**Task brief:**
Report back every line of the entries that contains "with", exactly as written.

**Records provided:**
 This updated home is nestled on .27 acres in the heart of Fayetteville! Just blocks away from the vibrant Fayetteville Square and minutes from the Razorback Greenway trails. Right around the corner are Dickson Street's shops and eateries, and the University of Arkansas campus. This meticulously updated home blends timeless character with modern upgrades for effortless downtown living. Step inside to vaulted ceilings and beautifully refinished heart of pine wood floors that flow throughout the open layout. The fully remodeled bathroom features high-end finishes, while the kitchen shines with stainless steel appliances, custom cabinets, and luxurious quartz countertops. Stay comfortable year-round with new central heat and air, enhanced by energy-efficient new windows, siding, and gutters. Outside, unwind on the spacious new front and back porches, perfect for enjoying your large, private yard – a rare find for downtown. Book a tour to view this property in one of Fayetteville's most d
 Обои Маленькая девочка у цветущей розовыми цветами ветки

...

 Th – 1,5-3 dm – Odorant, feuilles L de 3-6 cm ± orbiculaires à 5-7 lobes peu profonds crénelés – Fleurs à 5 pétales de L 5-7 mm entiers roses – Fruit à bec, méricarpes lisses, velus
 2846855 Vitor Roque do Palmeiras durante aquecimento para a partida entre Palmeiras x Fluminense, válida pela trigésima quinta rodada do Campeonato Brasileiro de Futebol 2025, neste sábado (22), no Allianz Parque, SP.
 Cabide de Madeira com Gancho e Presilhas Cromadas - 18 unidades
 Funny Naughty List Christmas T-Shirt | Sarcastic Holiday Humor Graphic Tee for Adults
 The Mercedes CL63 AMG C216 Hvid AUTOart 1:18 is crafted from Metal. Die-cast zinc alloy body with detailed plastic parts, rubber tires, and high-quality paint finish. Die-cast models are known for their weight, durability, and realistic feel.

...

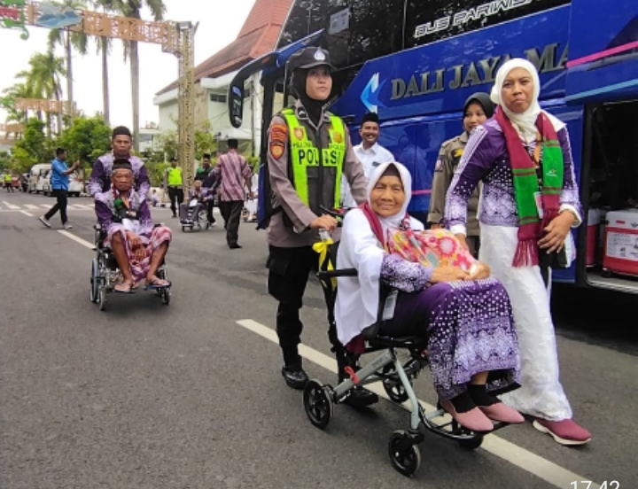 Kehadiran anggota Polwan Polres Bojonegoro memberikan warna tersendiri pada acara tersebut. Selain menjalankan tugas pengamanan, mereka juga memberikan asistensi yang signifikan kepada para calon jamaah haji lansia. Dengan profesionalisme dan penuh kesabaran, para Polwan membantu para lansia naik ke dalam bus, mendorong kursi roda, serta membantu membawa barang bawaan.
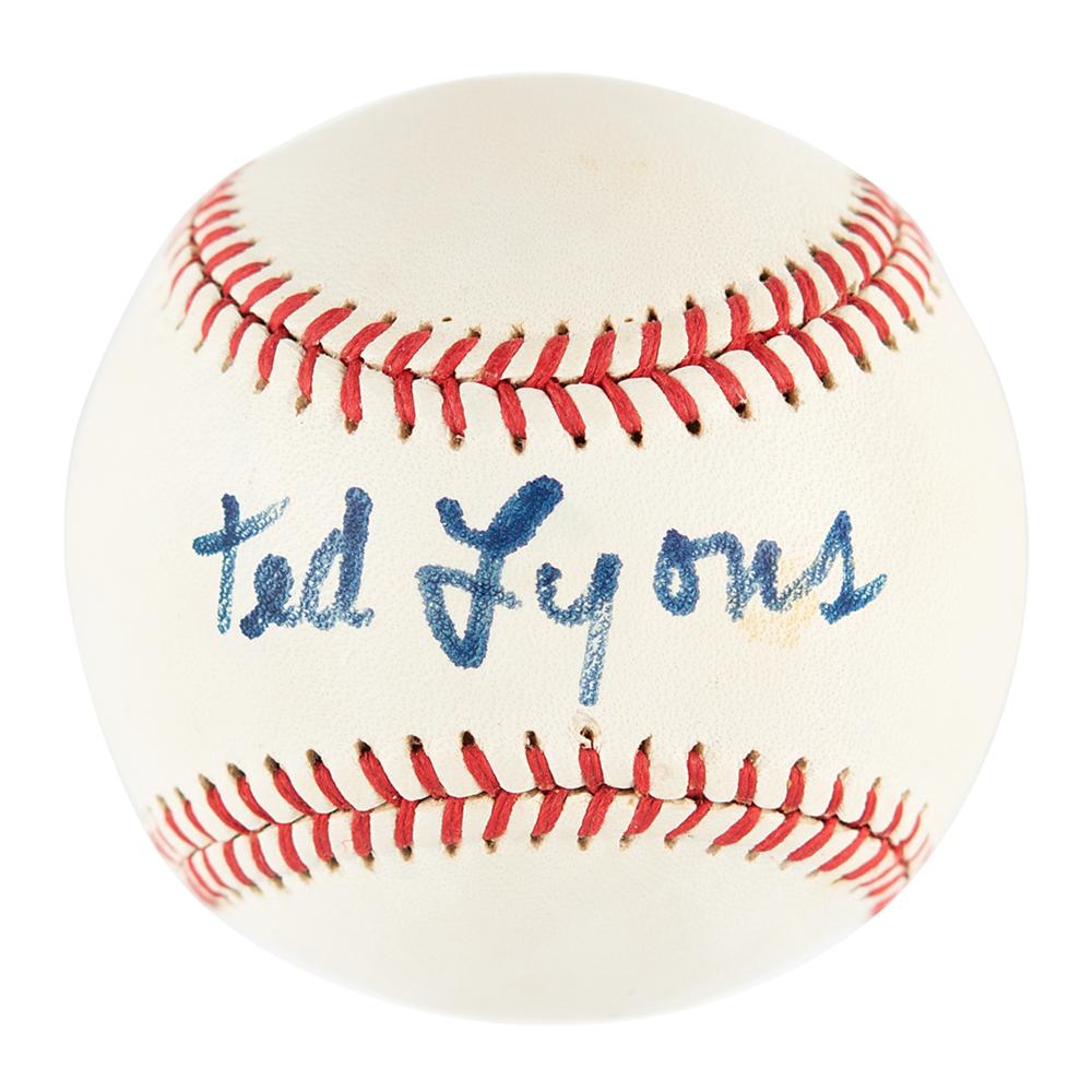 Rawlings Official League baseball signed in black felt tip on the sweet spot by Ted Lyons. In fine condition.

**Your response:**
 This updated home is nestled on .27 acres in the heart of Fayetteville! Just blocks away from the vibrant Fayetteville Square and minutes from the Razorback Greenway trails. Right around the corner are Dickson Street's shops and eateries, and the University of Arkansas campus. This meticulously updated home blends timeless character with modern upgrades for effortless downtown living. Step inside to vaulted ceilings and beautifully refinished heart of pine wood floors that flow throughout the open layout. The fully remodeled bathroom features high-end finishes, while the kitchen shines with stainless steel appliances, custom cabinets, and luxurious quartz countertops. Stay comfortable year-round with new central heat and air, enhanced by energy-efficient new windows, siding, and gutters. Outside, unwind on the spacious new front and back porches, perfect for enjoying your large, private yard – a rare find for downtown. Book a tour to view this property in one of Fayetteville's most d
 The Mercedes CL63 AMG C216 Hvid AUTOart 1:18 is crafted from Metal. Die-cast zinc alloy body with detailed plastic parts, rubber tires, and high-quality paint finish. Die-cast models are known for their weight, durability, and realistic feel.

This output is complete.